* _WORK ITEM_: The lines to output run from the first line of the entries below through the line containing "- Offener Küche-Essbereich mit Kachelofen"; copy them exactly and leave out pictures.

━━━━━ DATA UNDER STUDY ━━━━━

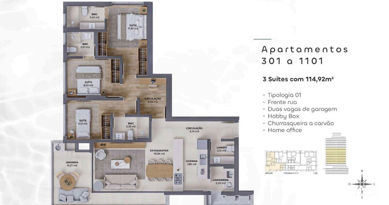 Apartamento com 3 quartos, todos suítes, que oferece conforto e privacidade para toda a família, além de um elegante lavabo para atender a área social. O amplo espaço integrado conecta cozinha, sala de jantar e estar, criando um ambiente moderno, funcional e acolhedor, perfeito tanto para o dia a dia quanto para receber amigos e familiares. A sacada com churrasqueira amplia as possibilidades de lazer, proporcionando momentos especiais com mais conforto e praticidade. A área de serviço é bem distribuída, garantindo organização e eficiência na rotina. Um imóvel que une sofisticação, excelente aproveitamento de espaço e qualidade de vida em cada detalhe.
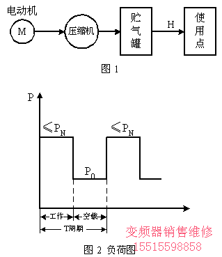 對空氣壓縮機其工藝流程如圖1,其工作方式是短時工作的負荷圖2。
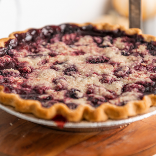 Oregon Berry Pie, Ingredients Marionberries/Raspberry/Blueberry, organic sugar, GF flour blend (brown rice, potato starch, tapioca, xanthan gum), cinnamon, sea salt.
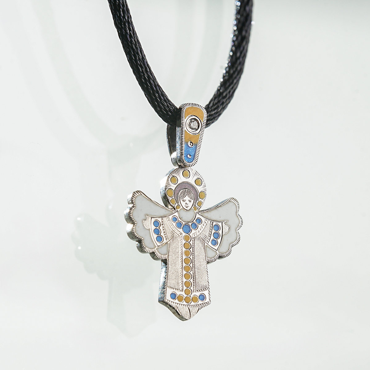 Срібна підвіска "Блага вість" з діамантом та ювелірною емаллю від Lobortas
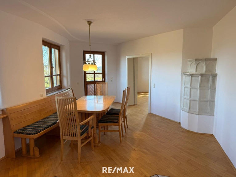 - Offener Küche-Essbereich mit Kachelofen
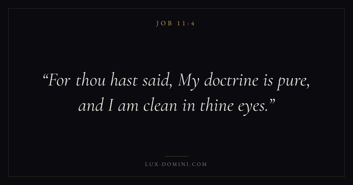 Books / Job / Chapter 11 / Verse 4 ← Job 11:3 Job 11:4 Job 11:5 → For thou hast said, My doctrine is pure, and I am clean in thine eyes. Download verse card Share on Twitter Share on Facebook Pin it ✦ Key themes Suffering and trialsWisdomJustice and mercySuffering Read with Job 11:3Job 11:5Romans 8:182 Corinthians 4:17 Related topics Bible verses about suffering and trialsBible verses about wisdomBible verses about justice and mercy ✦ Job Chapter 11 verses V. 1 V. 2 V. 3 V. 4 V. 5 V. 6 V. 7 V. 8 V. 9 V. 10 V. 11 V. 12 V. 13 V. 14 V. 15 V. 16 V. 17 V. 18 V. 19 V. 20
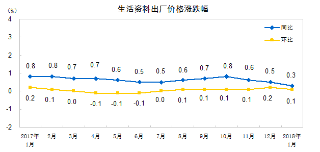 2018年1月份,全国工业生产者出厂价格同比上涨4.3%,环比上涨0.3%。工业生产者购进价格同比上涨5.2%,环比上涨0.5%。
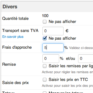 Ce champ "frais d'approche", permet de désigner par un pourcentage, la part des frais d'approche à appliquer à l’ensemble des lignes de la commande ou sur la fiche du produit.
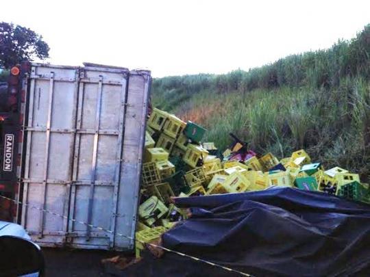 A pista não precisou ser interditada, pois a maior parte do veículo ficou no acostamento da via. A carga, formada por cerca de 1 mil engradados da bebida, calculada em aproximadamente 22 toneladas, também não ficou espalhada pela pista.
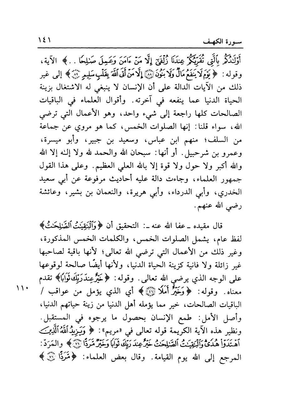أَوْلَادُكُمْ بِالَّتِي تُقَرِّبُكُمْ عِنْدَنَا زُلْفَى إلا مَنْ آمَنَ وَعَمِلَ صَالِحًا .. } الآية، وقوله: {يَوْمَ لَا يَنْفَعُ مَالٌ وَلَا بَنُونَ (٨٨) إلا مَنْ أَتَى اللَّهَ بِقَلْبٍ سَلِيمٍ (٨٩)} إلى غير ذلك من الآيات الدالة على أن الإنسان لا ينبغي له الاشتغال بزينة الحياة الدنيا عما ينفعه في آخرته. وأقوال العلماء في الباقيات الصالحات كلها راجعة إلى شيء واحد، وهو الأعمال التي ترضي الله، سواء قلنا: إنها الصلوات الخمس، كما هو مروي عن جماعة من السلف؛ منهم ابن عباس، وسعيد بن جبير، وأبو ميسرة، وعمرو بن شرحبيل. أو أنها: سبحان الله والحمد لله ولا إله إلا الله والله أكبر ولا حول ولا قوة إلا بالله العلي العظيم. وعلى هذا القول جمهور العلماء، وجاءت دالة عليه أحاديث مرفوعة عن أبي سعيد الخدري، وأبي الدرداء، وأبي هريرة، والنعمان بن بشير، وعائشة رضي الله عنهم.
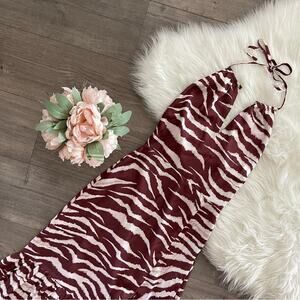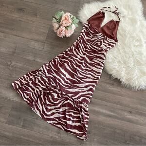 New Paige Jade Brown Zebra Print Halter Midi Slit Dress XS
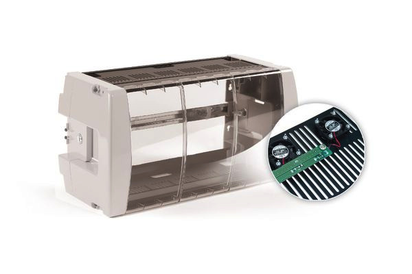 T.0X Kunststoffgehäuse, abschießbar mit integrierter, temperaturgeregelten Lüftereinheit zum Einbau von max. 7 Kanalzügen und Netzteil.

━━━━━

* _ANSWER_:
 Apartamento com 3 quartos, todos suítes, que oferece conforto e privacidade para toda a família, além de um elegante lavabo para atender a área social. O amplo espaço integrado conecta cozinha, sala de jantar e estar, criando um ambiente moderno, funcional e acolhedor, perfeito tanto para o dia a dia quanto para receber amigos e familiares. A sacada com churrasqueira amplia as possibilidades de lazer, proporcionando momentos especiais com mais conforto e praticidade. A área de serviço é bem distribuída, garantindo organização e eficiência na rotina. Um imóvel que une sofisticação, excelente aproveitamento de espaço e qualidade de vida em cada detalhe.
 對空氣壓縮機其工藝流程如圖1,其工作方式是短時工作的負荷圖2。
 Oregon Berry Pie, Ingredients Marionberries/Raspberry/Blueberry, organic sugar, GF flour blend (brown rice, potato starch, tapioca, xanthan gum), cinnamon, sea salt.
 Срібна підвіска "Блага вість" з діамантом та ювелірною емаллю від Lobortas
 - Offener Küche-Essbereich mit Kachelofen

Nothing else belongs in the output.